Lo que sí me preguntarán es si al final consiguió lo que se había propuesto. Me gustaría mentirles, aunque sólo fuera por bien de mi amigo, pero no puedo. La realidad es que una vez más el destino volvió a mostrarle su joroba y su cicatería acostumbrada. Sí que estuvo a punto de conseguirlo, ciertamente lo rozó. Fue la vez que una joven MIR del departamento de oncología (oro de veinticuatro quilates como les confirmará sin esfuerzo cualquier estudiante de último año de medicina) resbaló en el humedecido embaldosado a pocos metros de donde él se encontraba. Aunque presto se lanzó a gran velocidad en su rescate la mala suerte se le adelantó, personificada en un atlético y bien educado residente que con gesto amable y diligente la rescató del suelo. Quién iba a pensar que en ocasión tan propicia se cruzaría en el camino de mi amigo un especialista de "trauma". En fin, mi amigo nunca había sido muy proclive a los ataques del amor, y mucho menos, siendo redundante, a los de la suerte, como bien juzgarán de mis palabras.
Tras unos días concluyó que aquello tampoco era para él. Consecuente con su razonamiento abrazó a Ramiro largamente a modo de despedida, le compró un décimo para el sorteo del sábado (de “rigor mortis” estaba) y, tras dejar una propina a la amable chica de la cafetería (casada ella, cómo no) se decidió a abandonar la que había constituido su rutina diaria durante los cinco largos meses anteriores.
Mi historia no estaría del todo completa si no le diera un justo final, y no voy a arrebatárselo. Así que ahí va.
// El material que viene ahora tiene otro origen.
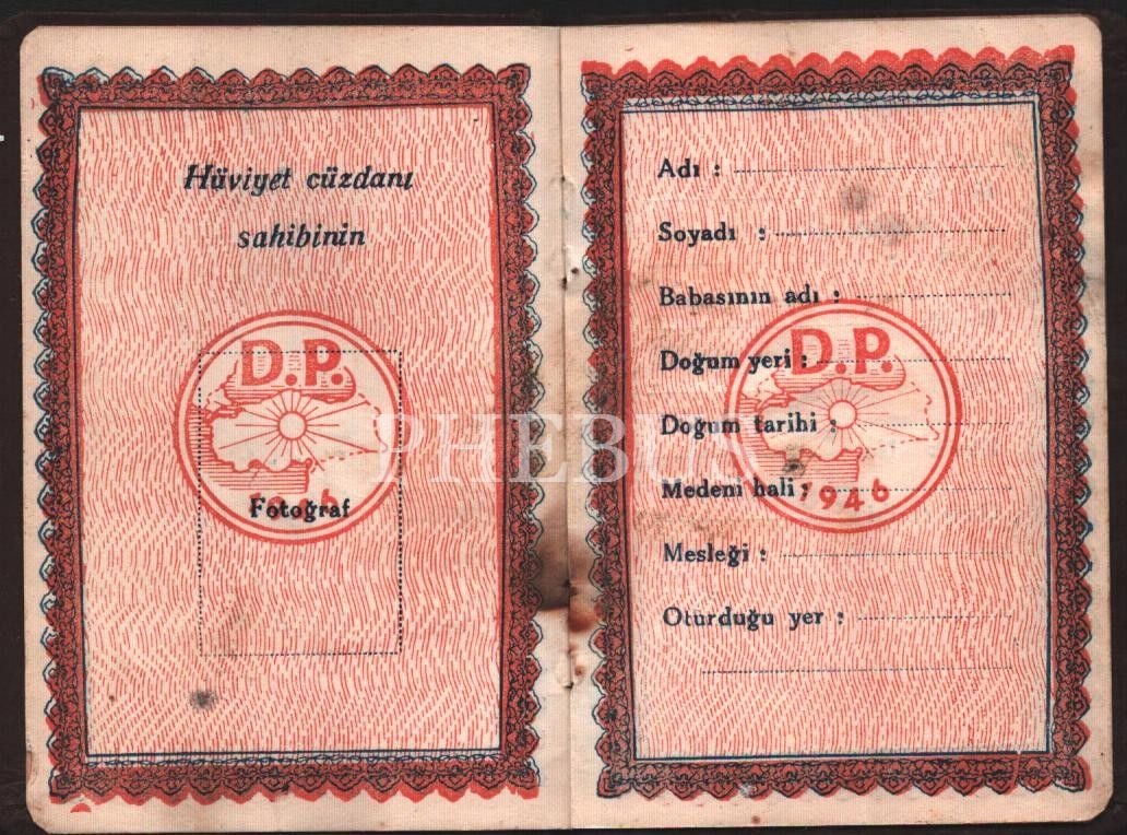 1946 tarihli D. P. boş kimlik kartı, 9x13 cm

Hace poco se embarcó en una última aventura: una expedición hispano-lusa al Himalaya, en busca de las huellas de la mítica Sangri-La, el paraíso de la eterna juventud. ¿Saben?, tengo el íntimo convencimiento de que va a hallarla, se lo merece. Por eso la ausencia de noticias tanto de sus compañeros como de él mismo, algo que ya ha durado siete largos meses, lejos de hacerme pensar en un trágico final sirve al contrario para convencerme aún más de que por fin ha alcanzado algo de cuanto se había propuesto. Por eso puedo declarar con orgullo que tenía un amigo adicto a las causas perdidas, así, en pretérito; ahora cuento con uno de los pocos amigos que ha acariciado su sueño. Es un bonito cambio, ¿no?




Bosco fecit.





[1] James Stewart interpreta a uno de esos buenazos que le hicieron famoso. En este caso su personaje, un borrachín, convive, ante el asombro y el desconcierto de cuantos le rodean, con un “pooka” (un espíritu irlandés de leyenda) bajo la forma de un conejo de metro noventa de estatura, invisible para más señas excepto para él, claro, y que responde al nombre de Harvey.